The compound you've described, **[9-(4-ethoxyphenyl)sulfonyl-2,3-dihydro-[1,4]dioxino[2,3-g]quinolin-8-yl]-(4-methylphenyl)methanone**, is a complex organic molecule. It's quite challenging to definitively state its importance for research without further context. However, we can analyze its structure and draw some inferences about its potential applications.
**Structural Analysis:**
* **Core Structure:** The core structure contains a quinoline ring system fused with a dioxane ring. This structural motif is commonly found in drugs with a variety of biological activities.
* **Substitutions:** The molecule is substituted with a sulfonyl group, an ethoxy group, and a benzoyl group. These substitutions can significantly influence the molecule's properties, including its solubility, reactivity, and biological activity.
**Potential Research Significance:**
* **Pharmaceutical Research:** The presence of the quinoline and dioxane rings suggests potential pharmaceutical applications. Quinolines are known for their antimicrobial and anti-inflammatory activities, while dioxanes are often found in anti-cancer agents. The sulfonyl group is also a common feature in drugs, often contributing to enhanced activity or better pharmacokinetic properties.

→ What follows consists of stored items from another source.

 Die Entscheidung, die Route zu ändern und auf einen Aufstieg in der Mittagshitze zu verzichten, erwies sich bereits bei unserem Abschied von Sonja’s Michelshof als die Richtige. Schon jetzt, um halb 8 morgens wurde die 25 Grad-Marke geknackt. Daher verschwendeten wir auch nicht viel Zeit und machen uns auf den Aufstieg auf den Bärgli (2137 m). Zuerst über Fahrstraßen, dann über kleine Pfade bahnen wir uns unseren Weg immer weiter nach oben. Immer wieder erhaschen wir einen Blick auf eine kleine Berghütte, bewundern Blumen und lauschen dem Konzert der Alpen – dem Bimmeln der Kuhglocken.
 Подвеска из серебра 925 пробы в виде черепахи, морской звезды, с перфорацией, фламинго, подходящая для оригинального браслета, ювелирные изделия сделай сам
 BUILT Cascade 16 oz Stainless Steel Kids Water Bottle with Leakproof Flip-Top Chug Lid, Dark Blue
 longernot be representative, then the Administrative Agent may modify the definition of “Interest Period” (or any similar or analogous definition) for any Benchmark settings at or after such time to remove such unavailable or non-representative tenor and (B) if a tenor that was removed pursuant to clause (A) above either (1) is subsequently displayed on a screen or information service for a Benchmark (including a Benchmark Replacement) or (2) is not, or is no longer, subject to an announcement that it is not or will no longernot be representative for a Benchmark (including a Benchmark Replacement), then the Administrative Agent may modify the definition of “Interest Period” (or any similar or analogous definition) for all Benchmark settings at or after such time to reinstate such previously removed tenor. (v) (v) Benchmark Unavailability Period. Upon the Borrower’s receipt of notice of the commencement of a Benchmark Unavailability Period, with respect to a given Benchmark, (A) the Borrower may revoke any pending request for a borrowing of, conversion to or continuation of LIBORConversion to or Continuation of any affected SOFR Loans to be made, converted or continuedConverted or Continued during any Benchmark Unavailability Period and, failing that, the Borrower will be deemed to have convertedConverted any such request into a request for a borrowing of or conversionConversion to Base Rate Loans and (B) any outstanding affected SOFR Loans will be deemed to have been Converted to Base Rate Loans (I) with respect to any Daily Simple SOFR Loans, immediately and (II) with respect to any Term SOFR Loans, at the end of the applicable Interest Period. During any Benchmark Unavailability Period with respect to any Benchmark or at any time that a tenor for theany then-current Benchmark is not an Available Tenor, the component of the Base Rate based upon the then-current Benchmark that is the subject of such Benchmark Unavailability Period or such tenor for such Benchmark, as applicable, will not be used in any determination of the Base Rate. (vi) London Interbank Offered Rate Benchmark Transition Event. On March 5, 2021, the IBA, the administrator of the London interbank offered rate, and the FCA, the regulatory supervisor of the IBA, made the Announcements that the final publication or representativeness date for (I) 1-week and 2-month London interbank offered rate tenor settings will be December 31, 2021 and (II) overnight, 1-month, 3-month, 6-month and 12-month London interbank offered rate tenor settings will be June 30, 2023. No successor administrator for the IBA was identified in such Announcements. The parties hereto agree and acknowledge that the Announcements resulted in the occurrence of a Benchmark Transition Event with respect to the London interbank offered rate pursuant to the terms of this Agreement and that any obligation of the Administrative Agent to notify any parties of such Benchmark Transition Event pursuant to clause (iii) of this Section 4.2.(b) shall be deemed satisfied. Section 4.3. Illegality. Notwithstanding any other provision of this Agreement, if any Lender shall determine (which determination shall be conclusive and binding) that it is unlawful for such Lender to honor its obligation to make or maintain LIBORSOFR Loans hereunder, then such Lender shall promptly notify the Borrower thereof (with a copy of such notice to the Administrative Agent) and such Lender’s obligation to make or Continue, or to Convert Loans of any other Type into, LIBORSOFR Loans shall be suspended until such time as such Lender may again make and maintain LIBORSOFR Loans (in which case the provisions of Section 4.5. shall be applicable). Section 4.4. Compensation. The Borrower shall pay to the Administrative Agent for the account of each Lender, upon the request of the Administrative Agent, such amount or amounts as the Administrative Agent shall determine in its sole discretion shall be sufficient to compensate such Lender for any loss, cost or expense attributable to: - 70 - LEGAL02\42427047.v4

* **Materials Science:** The aromatic rings and various functional groups could make this compound interesting for materials science applications. For example, it might possess properties suitable for organic electronics or as a component in polymer synthesis.
**Overall, it is impossible to definitively state the specific importance of this compound for research without more context. The information provided is insufficient to determine whether it's a known compound with established applications, a newly synthesized molecule with potential applications, or a theoretical structure under investigation.**
**To understand its importance, you would need to consider:**
* **The specific research area:** What is the research focus? Is it drug discovery, materials science, or something else?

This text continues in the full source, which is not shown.